Hypotension often resolves after epinephrine is given. Persistent hypotension can usually be treated with 1 to 2 L (20 to 40 mL/kg in children) of isotonic IV fluids (eg, 0.9% saline). Hypotension refractory to fluids and IV epinephrine may require vasopressors (eg, dopamine 5 mcg/kg/min).

Antihistamines—both H1 blockers (eg, diphenhydramine 50 to 100 mg IV) and H2 blockers (eg, cimetidine 300 mg IV)—should be given q 6 h until symptoms resolve.

Inhaled beta-agonists are useful for managing bronchoconstriction that persists after treatment with epinephrine; albuterol 5 to 10 mg by continuous nebulization can be given.

Corticosteroids have no proven role but may help prevent a late-phase reaction; methylprednisolone 125 mg IV initially is adequate.


Primary prevention is avoidance of known triggers. Desensitization is used for allergen triggers that cannot reliably be avoided (eg, insect stings).

Patients with past reactions to a radiopaque contrast agent should not be reexposed. When exposure is absolutely necessary, patients are given 3 doses of prednisone 50 mg po q 6 h, starting 18 h before the procedure, and diphenhydramine 50 mg po 1 h before the procedure; however, evidence to support the efficacy of this approach is limited.

Patients with an anaphylactic reaction to insect stings, foods, or other known substances should wear an alert bracelet and carry a prefilled, self-injecting epinephrine syringe (containing 0.3 mg for adults and 0.15 mg for children) and oral antihistamines for prompt self-treatment after exposure.

Key Points

  • Common triggers of anaphylaxis include drugs (eg, beta-lactam antibiotics, allergen extracts), foods (eg, nuts, seafood), proteins (eg, tetanus antitoxin, blood transfusions), animal venoms, and latex.

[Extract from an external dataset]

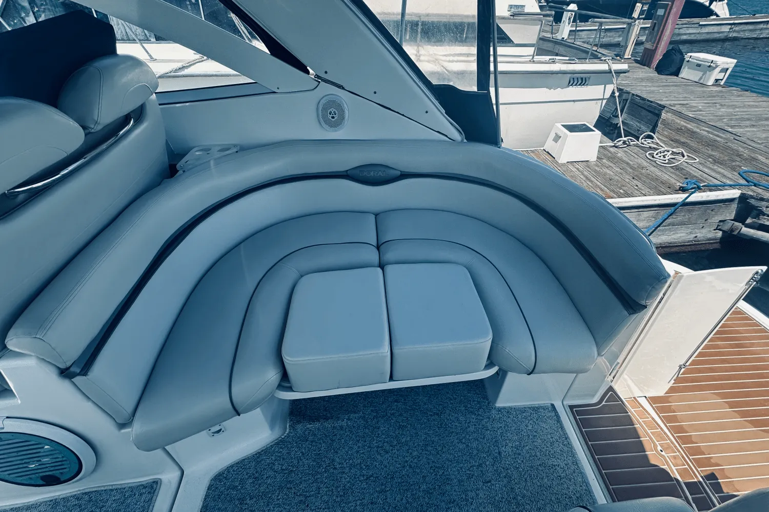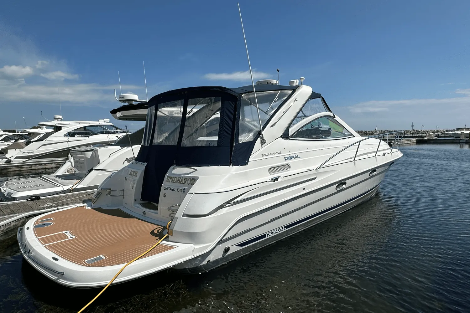 Experience timeless design and trusted performance with this 2004 Doral 360 Boca Grande, a single owner boat that was meticuously maintained. With 1,500 hours on twin Mercruiser 496MAG engines, this cruiser has been lovingly cared for and consistently serviced. The cockpit is ideal for entertaining, with plush wraparound seating, a wet bar, and generous space for relaxing or dining al fresco. Below deck, enjoy rich cherrywood cabinetry, a full galley, and a cozy layout that sleeps up to six perfect for weekend escapes or longer adventures. This boat isn’t just clean it’s turn-key and ready to create new memories. From the spotless bilge to the smooth ride, every inch reflects pride of ownership.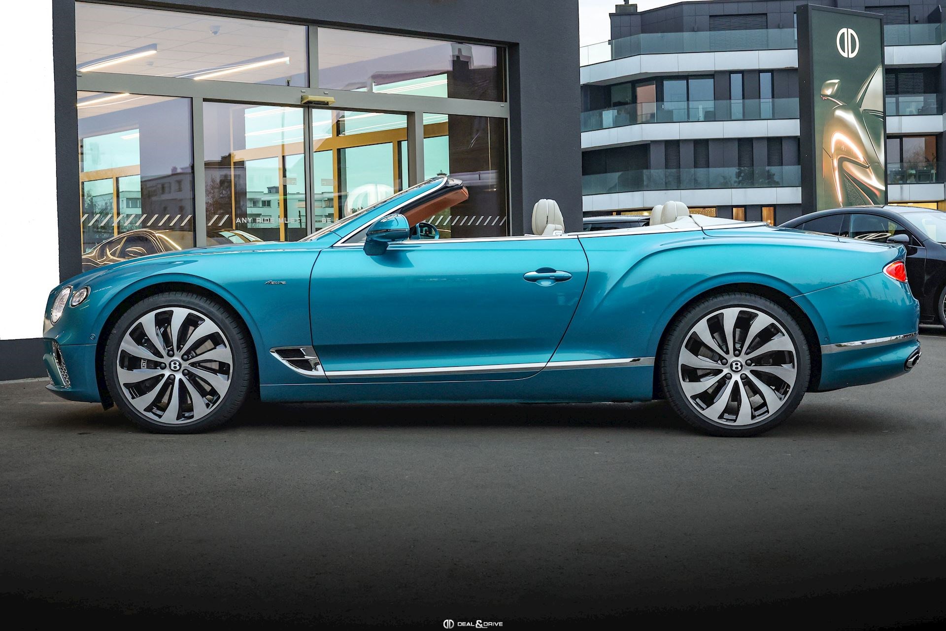 EXTÉRIEUR Jantes 22’’, 10 branches en Noir et brillant Étriers de frein en Noir Caches moyeux Bentley en Noir Capote extérieure en Tweed Hayon électrique

  • Non–IgE-mediated reactions that have anaphylactic-like manifestations (anaphylactoid reactions) can be caused by iodinated radiopaque dye, aspirin, other NSAIDs, opioids, blood transfusions, Ig, and exercise.

  • Consider anaphylaxis if patients have unexplained hypotension, respiratory symptoms, or ≥ 2 anaphylactic manifestations (eg, angioedema, rhinorrhea, GI symptoms).

  • Give epinephrine immediately because anaphylactic symptoms may rapidly progress to airway occlusion or shock; epinephrine can help relieve all symptoms.